A GLP-compliant acute inhalation toxicity study was performed according to OECD guideline 436, where 3 male and 3 female Wistar rats were exposed nose-only to a target concentration of aerosols of 5 g/m3 for 4 hours. Two male and 2 female animals died during the first night after exposure and the 2 remaining animals were humanely sacrificed because of their very poor condition. Therefore, a second group (three males, three females) was exposed to a lower target concentration of 1 g/m3. The animals were kept for an observation period of 14 days. To detect adverse effects, clinical observations were made and body weights were determined before, during and after exposure. Furthermore, animals were examined for gross pathological changes at the end of the observation period. The mean actual concentration was determined to be 5.14 (±0.10) in the first and 1.05 (± 0.11) g/m3 in the second experiment.

In the first experiment (5.14 g/m3) animals showed moderate to severe breathing abnormalities during exposure. Directly after exposure, animals showed a number of clinical signs, including erythema of the skin on the paws and face, low body temperature, muscle weakness, hunched posture, piloerection, erythema of the skin, blepharospasm and tremors. At the end of the day, they no longer felt cold and they no longer showed a hunched posture. However, abdominal distension was observed in two males and one female, while hypoactive behavior, swollen nose and nasal discharge were observed in four, three and five animals, respectively. During the night, two males and two females died. Due to the poor condition of the surviving animals (clinical signs observed included severe breathing impairment, hunched posture, ataxia, blepharospasm, hypoactive behavior), they were humanely sacrificed. Upon macroscopic examination, subcutaneous edema and gastrointestinal distension were noted in all six animals. Also, in two animals nasal discharge was noted.
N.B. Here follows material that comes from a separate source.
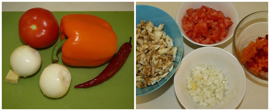 - Ahora pasamos a preparar las verduras del relleno: pimiento, tomate, cebollas, jengibre, chile y la carne de las berenjenas que habíamos reservado. Lo picamos todo finito.

In the second experment (1.05 g/m3), all animals survived the exposure. During exposure, all animals showed slight to moderate breathing abnormalities, and all were slightly lethargic at the last observation time point. Shortly after exposure, dyspnoea and piloerection were observed in all animals. Erythema was observed on the paws and around the noses of five out of six animals. Also, one animal was grunting and another displayed a hunched posture. At the end of the day, similar signs were observed. During the post-exposure period, all animals showed piloerection, sniffing and dyspnoea while for five out of six, hemorrhagic nasal discharge was observed. These signs were resolved on day 4, 7, 10 and 7, respectively. Finally, one male and one female were found to breathe through their mouths on days 3 to 4, one male and one female displayed a hunched posture on days 1 to 4 and one male had nasal encrustations on day 7. After exposure, weight loss was observed in all animals. On day 3, the lowest values were observed; males lost 17.5% and females lost 11.0% compared to the pre-exposure values. After day 3, animals regained weight. Females took six days to recover from the weight loss, while males took more than a week to regain their pre-exposure body weight. No exposure-related pathology was observed in animals from group 2.

The LC50 in rats after 4 hours of inhalation exposure was determined to be between 1.05 and 5.14 g/m3. The test material should be classified into GHS category 4.